Any ideas (looking to throw ideas around :P)
There's two general ways to approach this: brute force and trying to be clever. Brute force means writing each possible line and including it with your XML files. It's a lot of work, but it will work.
Trying to be clever gets into deep water, fairly fast, particularly if you're trying to cover a whole lot of languages.
You need to keep more information about characters than gender. In Russian, for example, there are different words meaning "you" depending on whether you're being informal or formal (or talking to multiple people), and the verb endings are also different. There are different translations of "please pass the bread" depending on the formality. In other languages, getting the translation right depends on social status.

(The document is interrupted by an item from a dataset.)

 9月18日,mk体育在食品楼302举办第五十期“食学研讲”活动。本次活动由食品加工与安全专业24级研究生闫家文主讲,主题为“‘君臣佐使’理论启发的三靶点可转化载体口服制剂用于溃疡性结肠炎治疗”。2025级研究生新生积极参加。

There are issues, as pawel_dyda pointed out, with singular, plural, and possibly dual case. Other languages also use different word orders: "The arrows are X coppers each, so to buy Y arrows you'll need Z silver" may require you to keep track of the order of the numbers.

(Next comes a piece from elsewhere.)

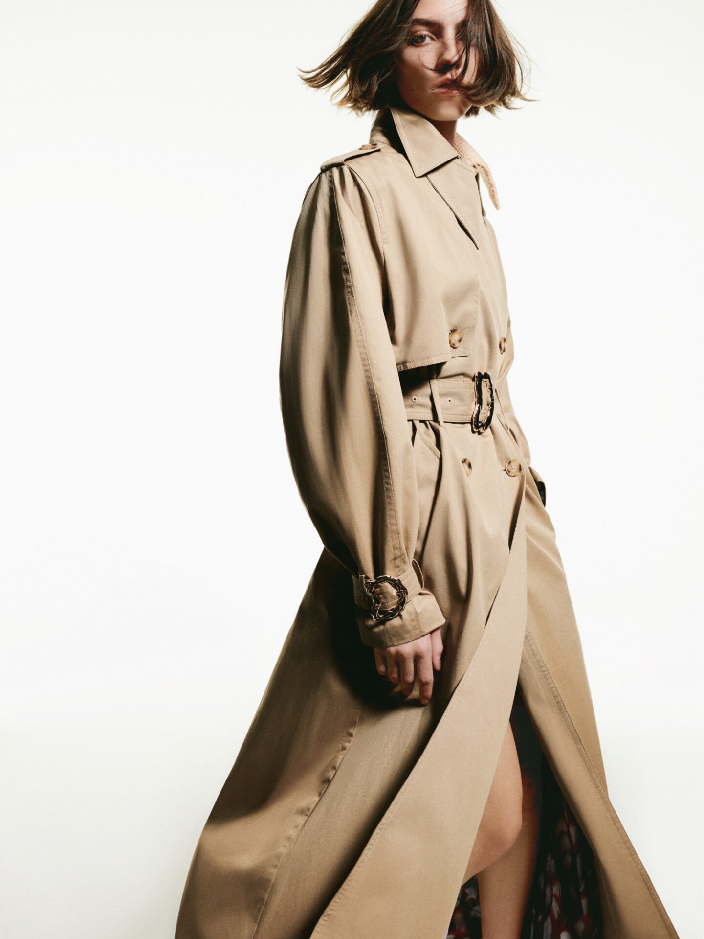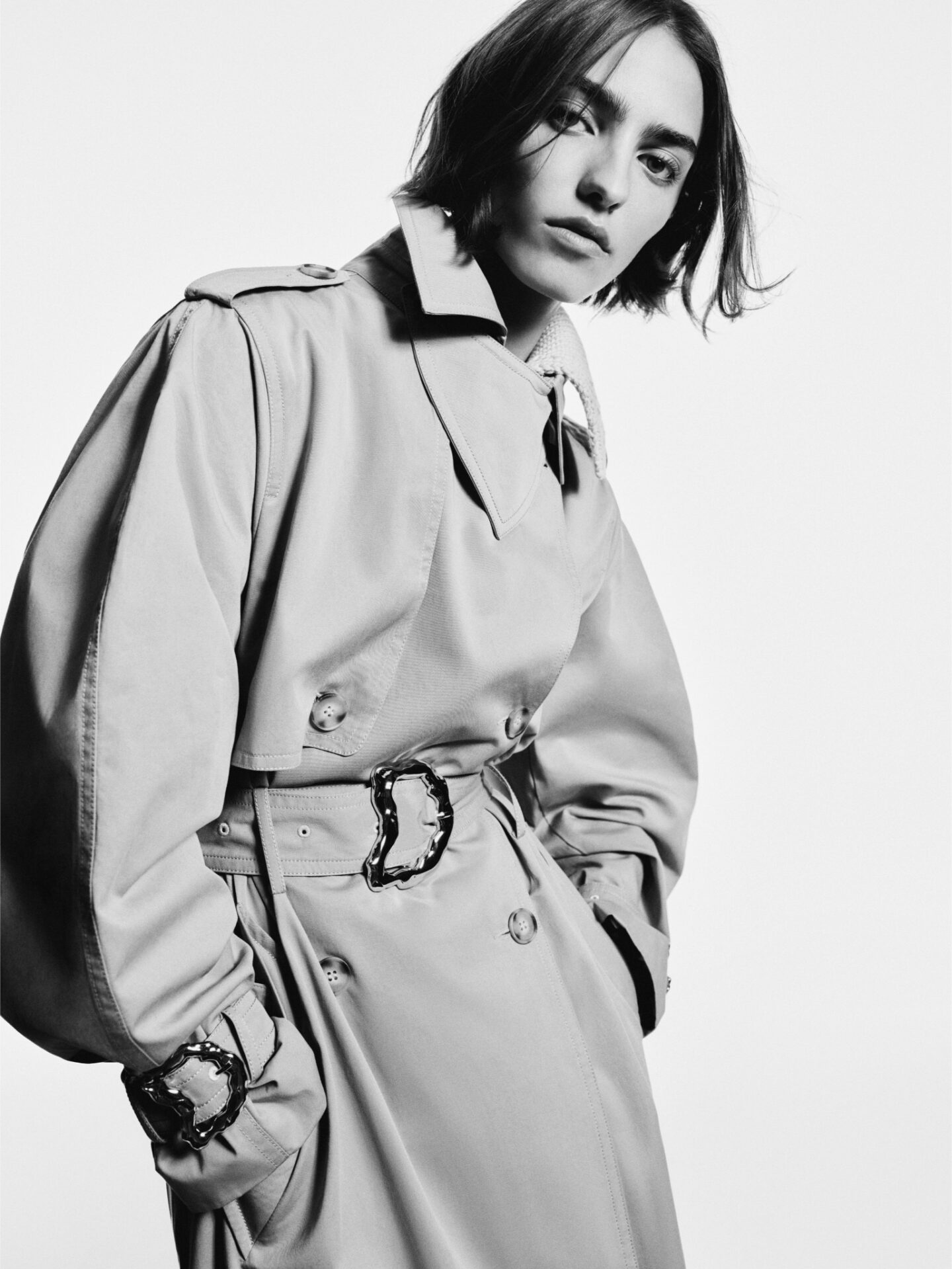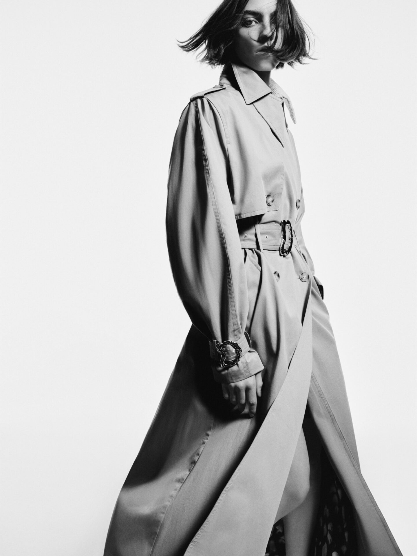 Las piezas clave de la colección son el trench, con detalles arquitectónicos de la “D”; el abrigo de lana estructurado, con cinturón metálico en forma de D que marca la cintura y el carácter; y el denim artesanal con desgastes manuales y matices que hacen cada pieza única.

Visual C++ and MFC come with internationalization facilities that are actually pretty good. You'd keep the strings in a resource file, and it's possible to substitute numbers and the like in while keeping the order correct for different languages.
Look up "internationalization" (often abbreviated to "i18n") on the web. There's plenty of stuff out there.
As for genders you may try encourage translators to use non-gender specific translations (which is usually possible in business applications but might be impossible here).
You may have also encounter the problem somewhere else. Other (non-English) languages have multiple plural forms. For example: "Your team has acquired 2 swords". No matter how many swords you will actually receive, be it 5 or 1000, in English you will always end up with one plural sentence. But this is not the case in many languages.
Related
In the past, my company has used human, professional translators to translate our software from English into some 13 languages. It's expensive but the quality is high.
The application we're translating contains industry jargon. It also contains a lot of sentence fragments and single words which, out of context, are unlikely to be correctly translated.
I am wondering if there is a machine translation system or service that could use our existing professionally-generated translations to more accurately create a machine translation into any new language.
If an industry term, phrase or sentence fragment has been translated from en-US to es-AR, pt-BR, cs-CZ, etc., then couldn't those prior translations be used as a hint regarding what the correct word choice should be for some new language? They could be used, in a sense, to triangulate. At worst, they could be used to create a majority voting system (e.g. if 9 of 13 languages translated a phrase to the same thing in the new language, we go with it).
Is anyone aware of a machine translation service that works like this?
I have no idea about tranlation systems, but such functionality -- custom translations for specific words -- will be offered by any commercial system, I guess. It is even possible with google translate by clicking on the book with the star on cover.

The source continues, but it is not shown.